◆ THE TASK
A verbatim reproduction of the lines below, from the line containing "2018年6月8日11时,第" through the line containing "万家热线:beat365在线", both ends included, is the whole required output.

◆ DATA PROVIDED
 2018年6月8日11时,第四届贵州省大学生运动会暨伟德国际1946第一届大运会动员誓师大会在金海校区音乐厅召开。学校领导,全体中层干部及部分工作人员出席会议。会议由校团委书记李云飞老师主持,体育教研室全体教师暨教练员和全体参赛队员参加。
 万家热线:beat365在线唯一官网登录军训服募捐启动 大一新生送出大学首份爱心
==
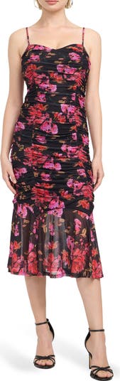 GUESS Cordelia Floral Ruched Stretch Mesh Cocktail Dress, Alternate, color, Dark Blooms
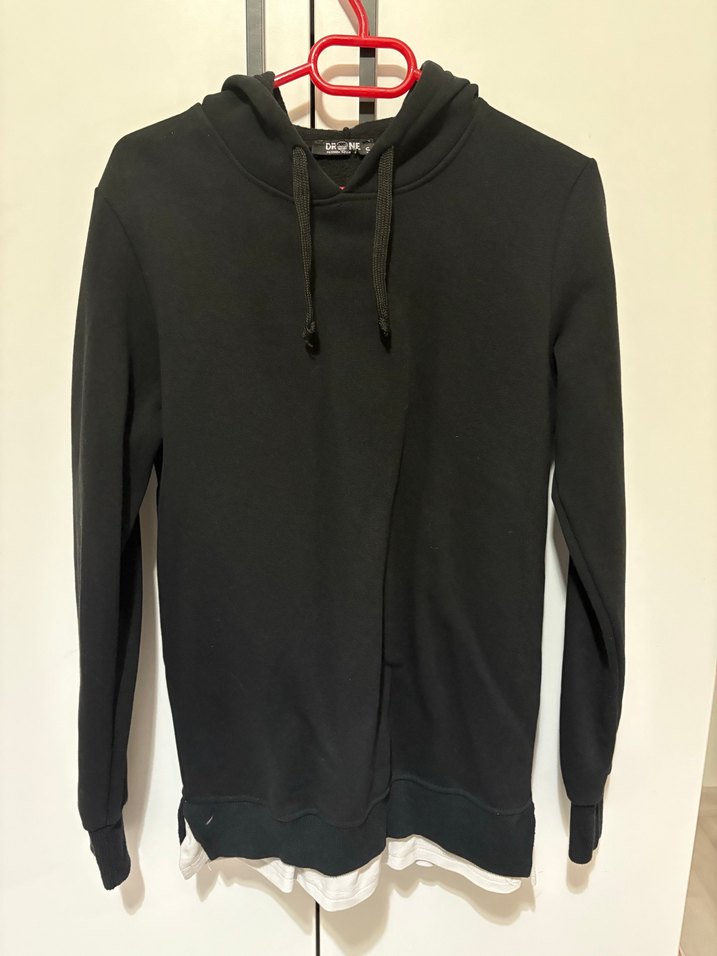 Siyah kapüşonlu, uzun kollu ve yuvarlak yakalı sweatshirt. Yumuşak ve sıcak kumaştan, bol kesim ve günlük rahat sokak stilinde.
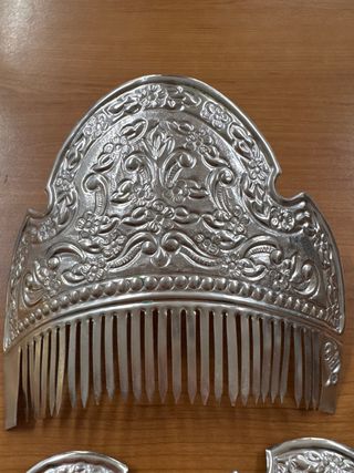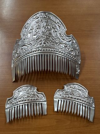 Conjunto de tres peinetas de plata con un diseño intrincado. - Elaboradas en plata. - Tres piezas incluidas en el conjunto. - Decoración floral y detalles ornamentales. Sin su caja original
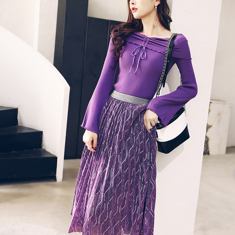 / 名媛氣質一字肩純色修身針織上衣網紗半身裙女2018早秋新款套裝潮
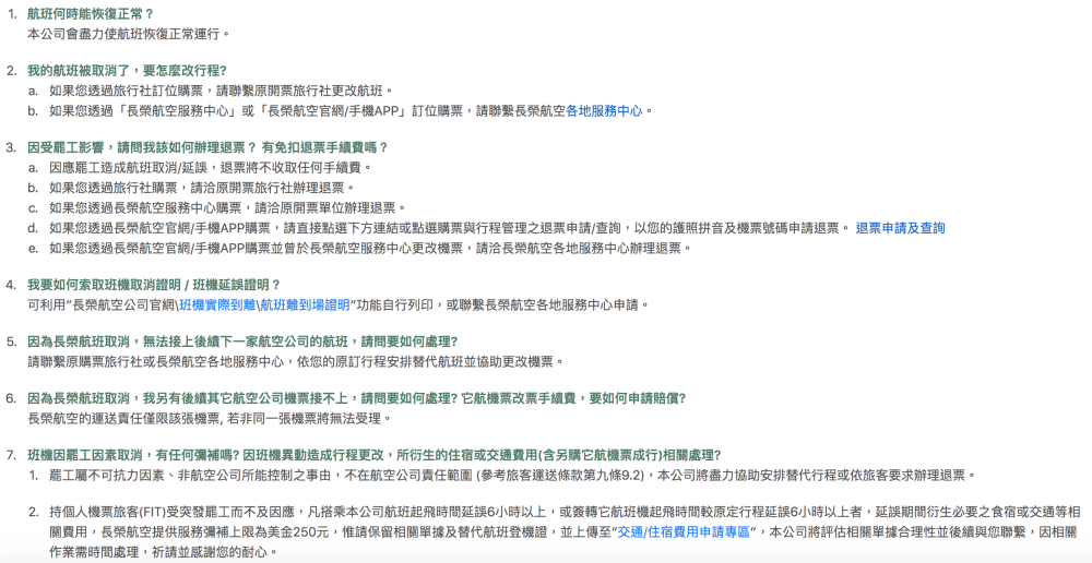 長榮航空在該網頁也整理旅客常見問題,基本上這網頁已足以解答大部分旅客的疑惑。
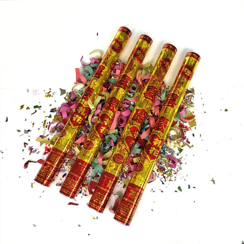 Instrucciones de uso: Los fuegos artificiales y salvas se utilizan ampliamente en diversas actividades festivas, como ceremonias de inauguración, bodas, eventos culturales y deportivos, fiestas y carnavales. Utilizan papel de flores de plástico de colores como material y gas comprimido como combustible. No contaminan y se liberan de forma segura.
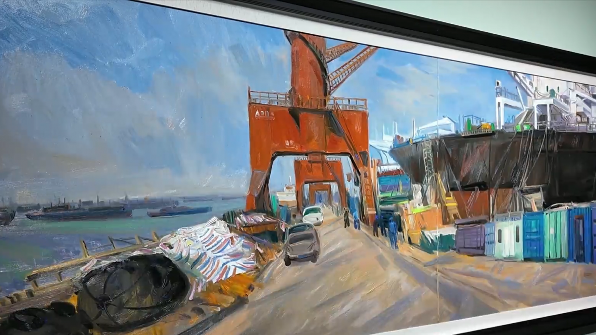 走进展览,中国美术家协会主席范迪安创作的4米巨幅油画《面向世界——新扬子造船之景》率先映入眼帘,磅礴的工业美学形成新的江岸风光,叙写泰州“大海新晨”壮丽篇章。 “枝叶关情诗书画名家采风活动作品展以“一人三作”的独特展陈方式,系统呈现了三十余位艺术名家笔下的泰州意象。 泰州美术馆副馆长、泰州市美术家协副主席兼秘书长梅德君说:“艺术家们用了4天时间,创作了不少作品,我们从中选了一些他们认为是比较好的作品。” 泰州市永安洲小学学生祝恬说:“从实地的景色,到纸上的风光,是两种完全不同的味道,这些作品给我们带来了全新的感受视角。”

◆ SOLUTION FOR THIS EXERCISE
 2018年6月8日11时,第四届贵州省大学生运动会暨伟德国际1946第一届大运会动员誓师大会在金海校区音乐厅召开。学校领导,全体中层干部及部分工作人员出席会议。会议由校团委书记李云飞老师主持,体育教研室全体教师暨教练员和全体参赛队员参加。
 万家热线:beat365在线唯一官网登录军训服募捐启动 大一新生送出大学首份爱心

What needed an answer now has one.